Prompt >> Return an exact copy of the entries, skipping any picture you find.

Extracted data entries
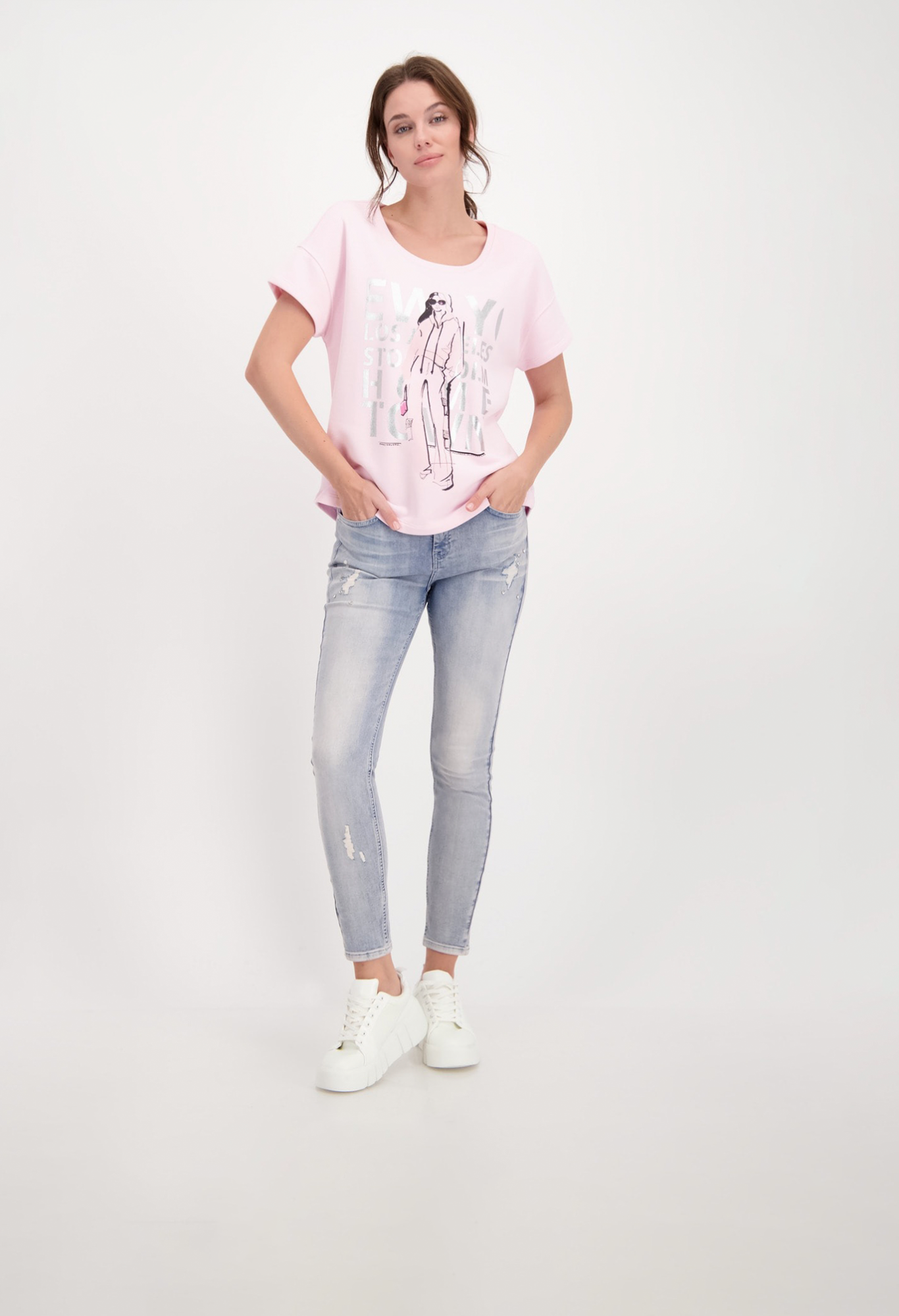 На сайте указаны российские размеры. Футболка с круглым вырезом горловины, заниженной линией плеч и закругленным низом. Благодаря стандартному крою с рукавами до половины и качеству хлопка и модала гарантируется комфортная посадка. Эскиз принта спереди с глянцевой надписью и стразами гламурно украшает перед. Когда дело доходит до стиля, вы не ошибетесь, выбрав эту толстовку с коротким рукавом. Длина в размере 44: 64 см. Рост модели 179 см.
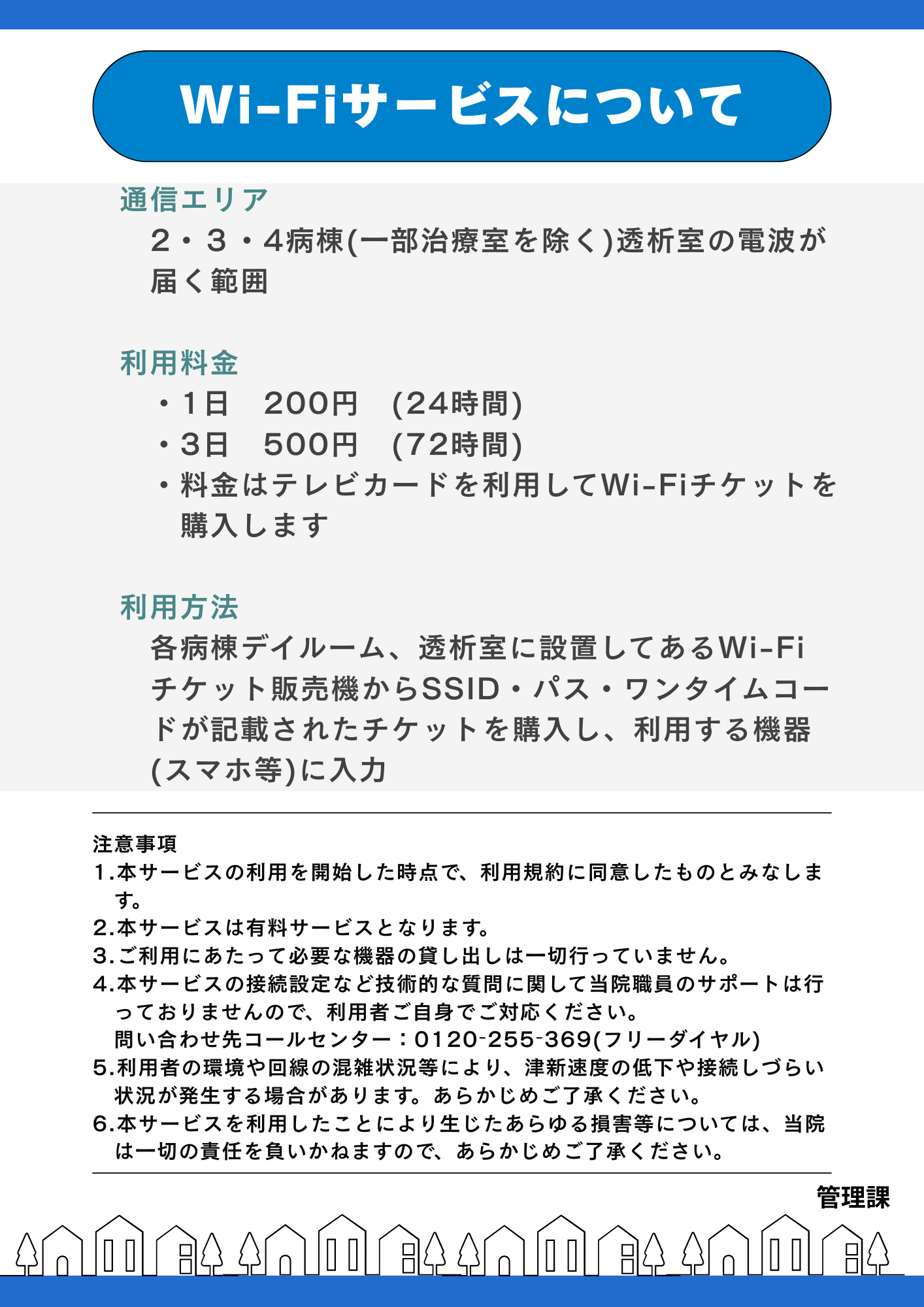 令和7年12月16日(火)より当院では患者様サービス向上の一環としてWi-Fiサービス(有料)を開始いたします。
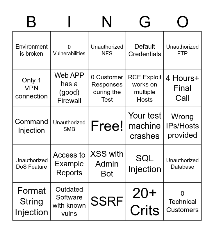 This bingo card has a free space and 24 words: Access to Example Reports, Outdated Software with known vulns, 0 Customer Responses during the Test, Format String Injection, Unauthorized FTP, Environment is broken, Only 1 VPN connection, 0 Vulnerabilities, Your test machine crashes, XSS with Admin Bot, RCE Exploit works on multiple Hosts, Command Injection, SQL Injection, Unauthorized Database, Web APP has a (good) Firewall, 20+ Crits, Wrong IPs/Hosts provided, Unauthorized NFS, 4 Hours+ Final Call, Unauthorized SMB, 0 Technical Customers, Unauthorized DoS Feature, Default Credentials and SSRF.
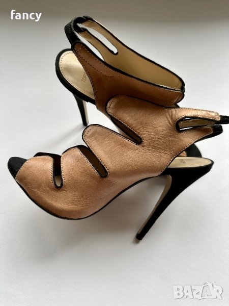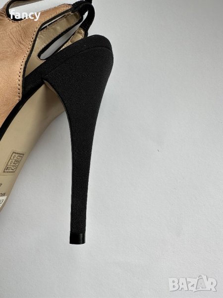 Страхотни летни сандали Topshop! Произведени в Бразилия. 100% естествена кожа в телесен цвят. Висок черен ток, облечен в плат. Дължина на стелката - 25,7см Височина на тока - 12см Оригинална цена - 99 EUR На етикета пише 40 номер, но бразилските обувки са умалени и реално отговарят на 39 номер.
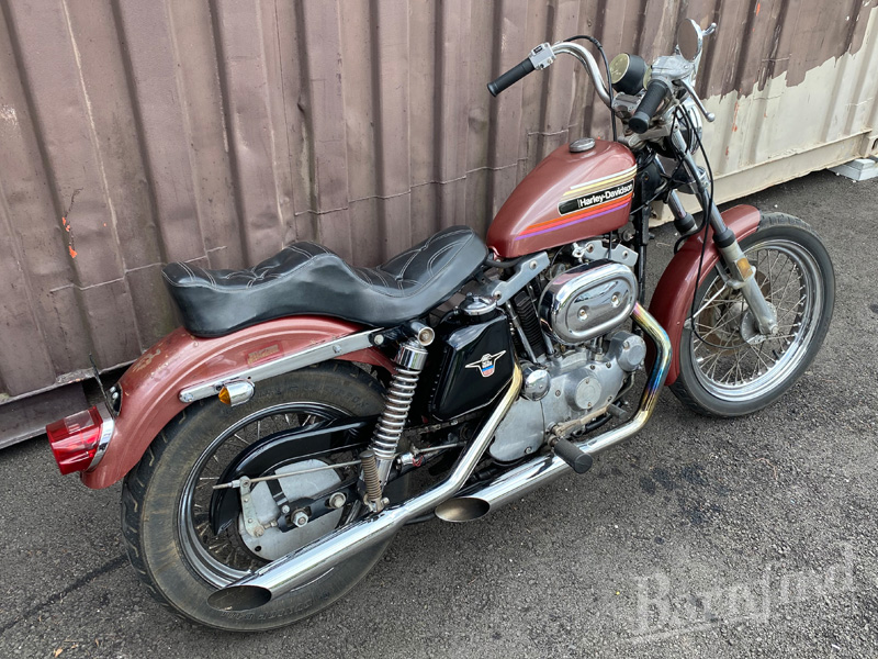 サンフランシスコから買い付けた74年式のスポーツスターです。エンジンは異音等無く静かで吹け上がりも良好です。外装は当時のままの純正ペイント、マフラーシート以外はオリジナルな車両です。配線引き直し、ブレーキOH済み、予備検査も終わっていますのですぐに乗り出しOKです。
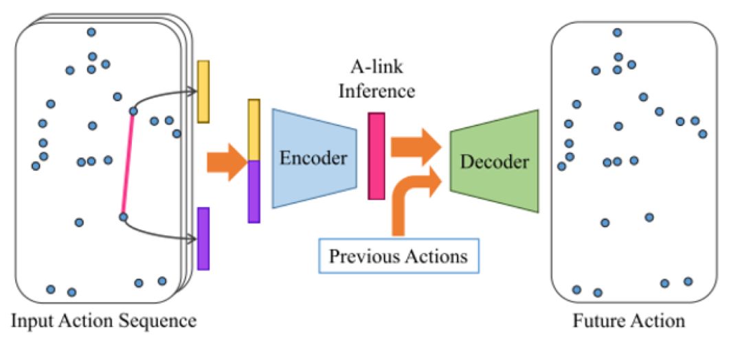 如图(c),Action-Link实际上就是每个关节和其他所有关节的连接,通过一个编码-解码器来学习这些连接的权重,进而发掘关节之间的潜在联系,如下图:
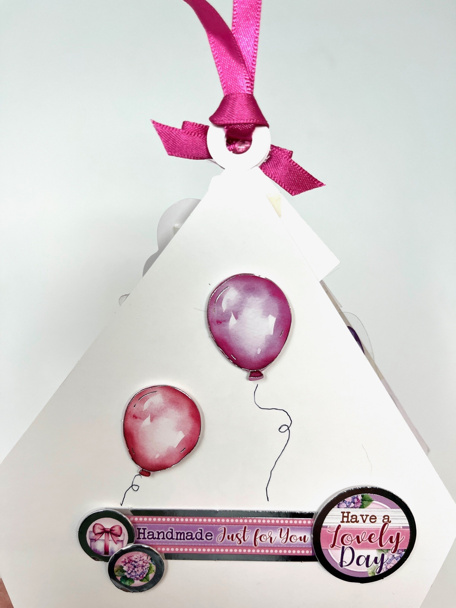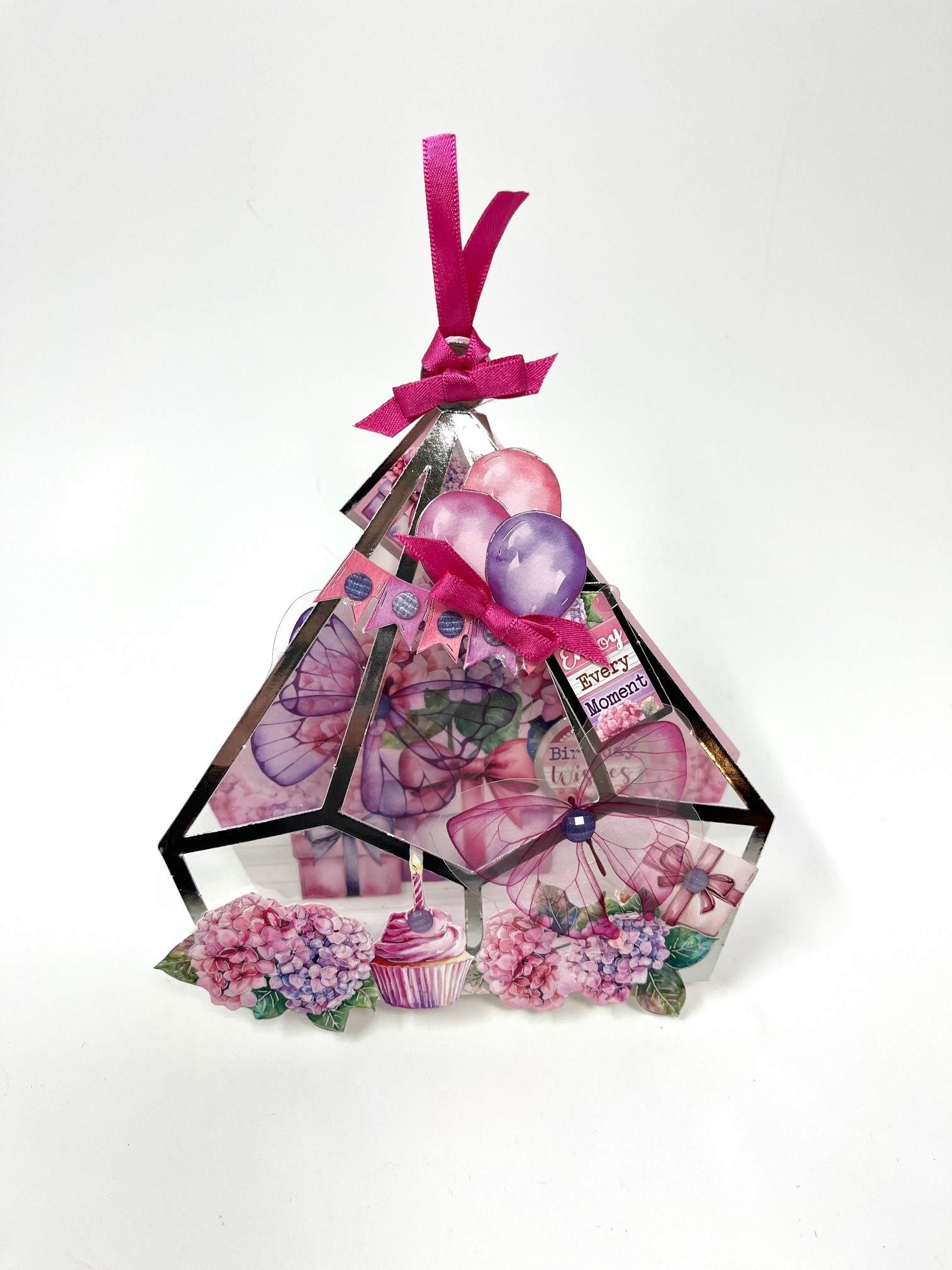 Foam tape the included “Exquisite Elements” on the front and inside as shown. Fold the acetate butterfly wings up and attach with extra sticky tape as shown. Place Diamond Sparkles as shown. Cut the included pink ribbon in half. With the front and inside held together fold pink ribbon in half and pull through top center hole part way through the hole then pull the ends through tightly. Make and Zot™️ a 1” wide pink bow from 1/4” of the remaining ribbon and place below the top knot. Make and Zot™️ another 1” wide pink bow from the other quarter placed above the tag on the outer right side of Terrarium.
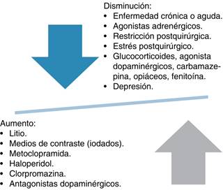 • En pacientes con historia de trauma o cuadros de sepsis aumenta la expresión de D2 en el hipotálamo, con el consiguiente incremento en el suministro de T3, lo que suprime la producción de TRH. La producción periférica de citocinas proinflamatorias (factor de necrosis tumoral alfa, interferón gamma e interleucina 6) tiene un efecto supresor directo sobre la liberación de la TSH al disminuir la expresión de D3 en el hipotálamo.16,32 De igual forma, el decremento de las cifras de TSH se presenta en enfermedades autoinmunes, en el uso de glucocorticoides y fármacos dopaminérgicos.33
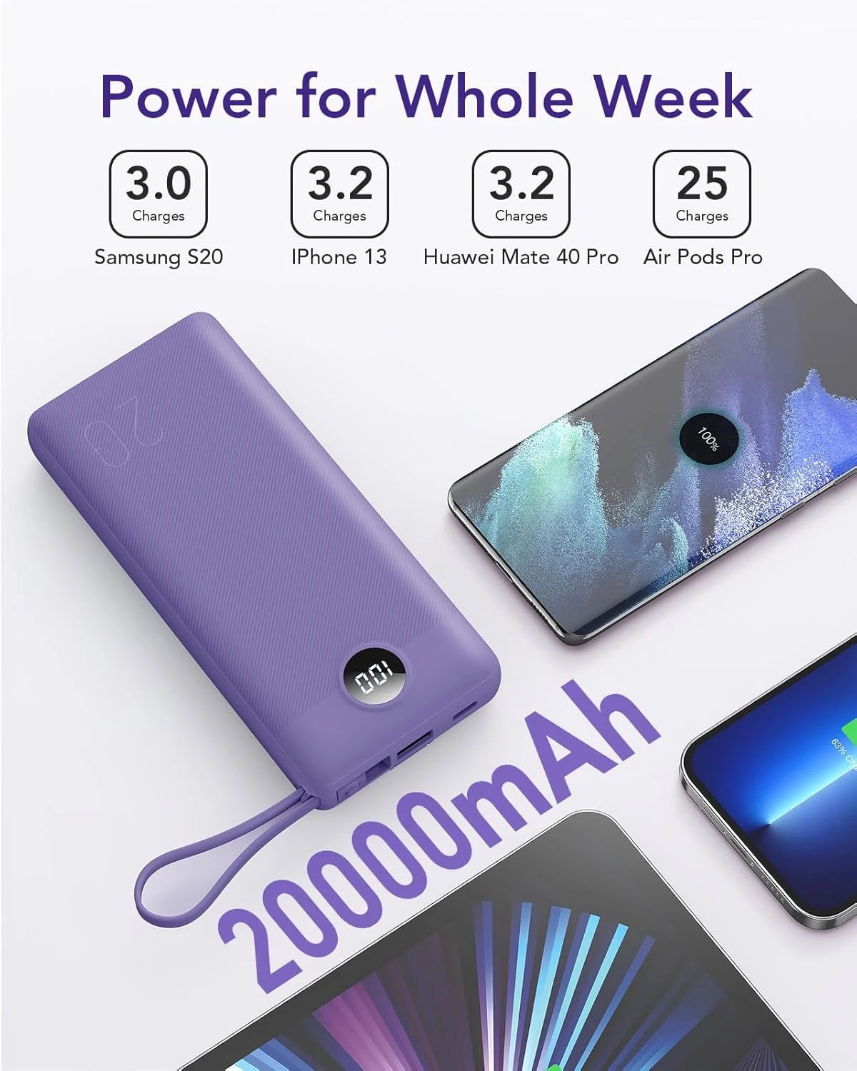 ✅ Capacité impressionnante de 20 000mAh
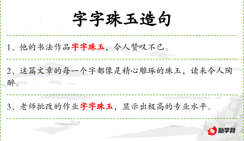 - 字字珠玉:形容书法或文字非常精美,每个字都像珠玉一样珍贵。
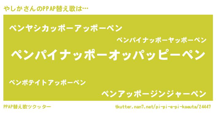 | ヒーロー風カッコイイあだ名 | 『慈愛の使者やしか』『黄金騎士ヤシ』 |
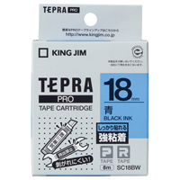テプラPROテープカートリッジ 強粘着ラベル 青に黒文字18mm幅×8m SC18BW
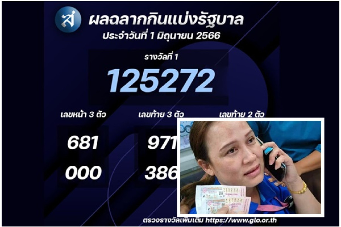 เมื่อวันที่ 1 มิ.ย.66 ผู้สื่อข่าวรายงานว่า หลังสำนักงานสลากกินแบ่งรัฐบาล ประกาศผลการออกรางวัล งวดประจำวันที่ 1 มิถุนายน 2566 โดยรางวัลที่ 1 ได้แก่หมายเลข 125272 รางวัลเลขหน้า 3 ตัว 681 000 ส่วนเลขท้าย 3 ตัวได้แก่ 971 และ 386 ขณะที่เลขท้าย 2 ตัว 09

The answer >>
 На сайте указаны российские размеры. Футболка с круглым вырезом горловины, заниженной линией плеч и закругленным низом. Благодаря стандартному крою с рукавами до половины и качеству хлопка и модала гарантируется комфортная посадка. Эскиз принта спереди с глянцевой надписью и стразами гламурно украшает перед. Когда дело доходит до стиля, вы не ошибетесь, выбрав эту толстовку с коротким рукавом. Длина в размере 44: 64 см. Рост модели 179 см.
 令和7年12月16日(火)より当院では患者様サービス向上の一環としてWi-Fiサービス(有料)を開始いたします。
 This bingo card has a free space and 24 words: Access to Example Reports, Outdated Software with known vulns, 0 Customer Responses during the Test, Format String Injection, Unauthorized FTP, Environment is broken, Only 1 VPN connection, 0 Vulnerabilities, Your test machine crashes, XSS with Admin Bot, RCE Exploit works on multiple Hosts, Command Injection, SQL Injection, Unauthorized Database, Web APP has a (good) Firewall, 20+ Crits, Wrong IPs/Hosts provided, Unauthorized NFS, 4 Hours+ Final Call, Unauthorized SMB, 0 Technical Customers, Unauthorized DoS Feature, Default Credentials and SSRF.
 Страхотни летни сандали Topshop! Произведени в Бразилия. 100% естествена кожа в телесен цвят. Висок черен ток, облечен в плат. Дължина на стелката - 25,7см Височина на тока - 12см Оригинална цена - 99 EUR На етикета пише 40 номер, но бразилските обувки са умалени и реално отговарят на 39 номер.
 サンフランシスコから買い付けた74年式のスポーツスターです。エンジンは異音等無く静かで吹け上がりも良好です。外装は当時のままの純正ペイント、マフラーシート以外はオリジナルな車両です。配線引き直し、ブレーキOH済み、予備検査も終わっていますのですぐに乗り出しOKです。
 如图(c),Action-Link实际上就是每个关节和其他所有关节的连接,通过一个编码-解码器来学习这些连接的权重,进而发掘关节之间的潜在联系,如下图:
 Foam tape the included “Exquisite Elements” on the front and inside as shown. Fold the acetate butterfly wings up and attach with extra sticky tape as shown. Place Diamond Sparkles as shown. Cut the included pink ribbon in half. With the front and inside held together fold pink ribbon in half and pull through top center hole part way through the hole then pull the ends through tightly. Make and Zot™️ a 1” wide pink bow from 1/4” of the remaining ribbon and place below the top knot. Make and Zot™️ another 1” wide pink bow from the other quarter placed above the tag on the outer right side of Terrarium.
 • En pacientes con historia de trauma o cuadros de sepsis aumenta la expresión de D2 en el hipotálamo, con el consiguiente incremento en el suministro de T3, lo que suprime la producción de TRH. La producción periférica de citocinas proinflamatorias (factor de necrosis tumoral alfa, interferón gamma e interleucina 6) tiene un efecto supresor directo sobre la liberación de la TSH al disminuir la expresión de D3 en el hipotálamo.16,32 De igual forma, el decremento de las cifras de TSH se presenta en enfermedades autoinmunes, en el uso de glucocorticoides y fármacos dopaminérgicos.33
 ✅ Capacité impressionnante de 20 000mAh
 - 字字珠玉:形容书法或文字非常精美,每个字都像珠玉一样珍贵。
 | ヒーロー風カッコイイあだ名 | 『慈愛の使者やしか』『黄金騎士ヤシ』 |
テプラPROテープカートリッジ 強粘着ラベル 青に黒文字18mm幅×8m SC18BW
 เมื่อวันที่ 1 มิ.ย.66 ผู้สื่อข่าวรายงานว่า หลังสำนักงานสลากกินแบ่งรัฐบาล ประกาศผลการออกรางวัล งวดประจำวันที่ 1 มิถุนายน 2566 โดยรางวัลที่ 1 ได้แก่หมายเลข 125272 รางวัลเลขหน้า 3 ตัว 681 000 ส่วนเลขท้าย 3 ตัวได้แก่ 971 และ 386 ขณะที่เลขท้าย 2 ตัว 09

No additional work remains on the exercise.